Both Rekha and Rosy are located on the fringe of society as precarious sex workers who are disenfranchised from political rights due to illegitimacy and stigmatisation. In the case of Rosy, there is a rejection of the reproductive labour she offers to obtain the love and acceptance of her family. The desire to provide the care labour required by her aging parents is obstructed, and she is excluded from her sister’s wedding despite having funded it. Through monetary transactions, she attempts to mend these irretrievably broken social bonds. Though sex work generates income, Rosy remains dispossessed; she does not own her economic independence, and it never becomes a source of pride or political autonomy. She remains trapped in a cycle of patriarchal disciplining and punishment through impositions of sexual morality and normativity that are inextricably linked to family honour and exercised via shaming and social exclusion. Rosy has internalised the punitive idea that her earnings through exchange of sexual labour do not rightly belong to her; she uses them to repair family bonds and as a bargaining chip to access otherwise forbidden social spaces but fails in this too.
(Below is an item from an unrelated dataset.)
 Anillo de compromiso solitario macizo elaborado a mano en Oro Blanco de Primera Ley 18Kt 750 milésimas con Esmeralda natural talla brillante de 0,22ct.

In India Cabaret, there are numerous instances when the moral threat posed by bar dancers and sex workers is clearly defined. The film highlights the distinction between different kinds of reproductive labour, contrasting interviews with sex workers and traditional housewives of clients who frequent the Meghraj. While the sex workers dream of stable families and respect in society, the housewives imprisoned in the domestic sphere dream of freedom and travel. At one point, the sex workers complain that men in the working-class suburban neighbourhood eve-tease and harass them, and over the course of the film, we see that the presence of a film crew makes locals suspect them of filming porn on-site, and the threat of eviction becomes very real.
Nair’s documentary itself rests on the margins of parallel cinema in India; it offers a bold depiction of sex work and striptease cabaret because as an early feminist documentary on sex work, the narrative is not driven by the “saviour complex” or viewed through the lens of non-governmental organisations (NGOs) and their depiction of this demographic as rehabilitation and rescue projects. Instead, Nair takes as inspiration the French cinema verité documentaries that emphasise the filming of "reality as it appears," rather than relying on extraneous modifications such as voiceovers, scripted dialogues, montage or sound.
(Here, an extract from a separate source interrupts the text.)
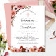 rosa blommigt vattenfärgsflicka Första inbjudan från kommunförbundet med exquisite blommigt arrangemang på övre lämnat hörnet och fält av blommor på kortets grund-sektion. Blommor i vackert trendig rosa, dammig ro, elfenben, persikor och burgundston. Kortet är tillbaka i rosa med blomsterdetaljer på grund. Information om inbjudan till avsnittet "Ceremony" och "Reception". Tillgängliga samordningsprodukter. En del av vår "himmel i Ro" bröllop och evenemangsinsamling.
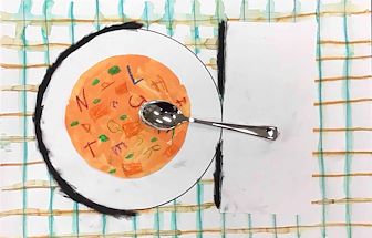 from school project "Mixed Media Alphabet Soup"

Moreover, unlike other parallel cinema from the ‘80s in India, Nair’s film about sex workers was not funded by the government, allowing her to follow a different trajectory than the didactic narratives found in feminist documentaries like those by the Yugantar Film Collective from the same period. This aspect positions Nair’s observational documentary on cabaret dancers and sex workers quite uniquely. Within a decade following the making of India Cabaret, Mira Nair’s feminist contestation and the consequent censorship of the on-screen portrayal of women’s sexuality in Kama Sutra: A Tale of Love (1996) would become a well-known polemic in India.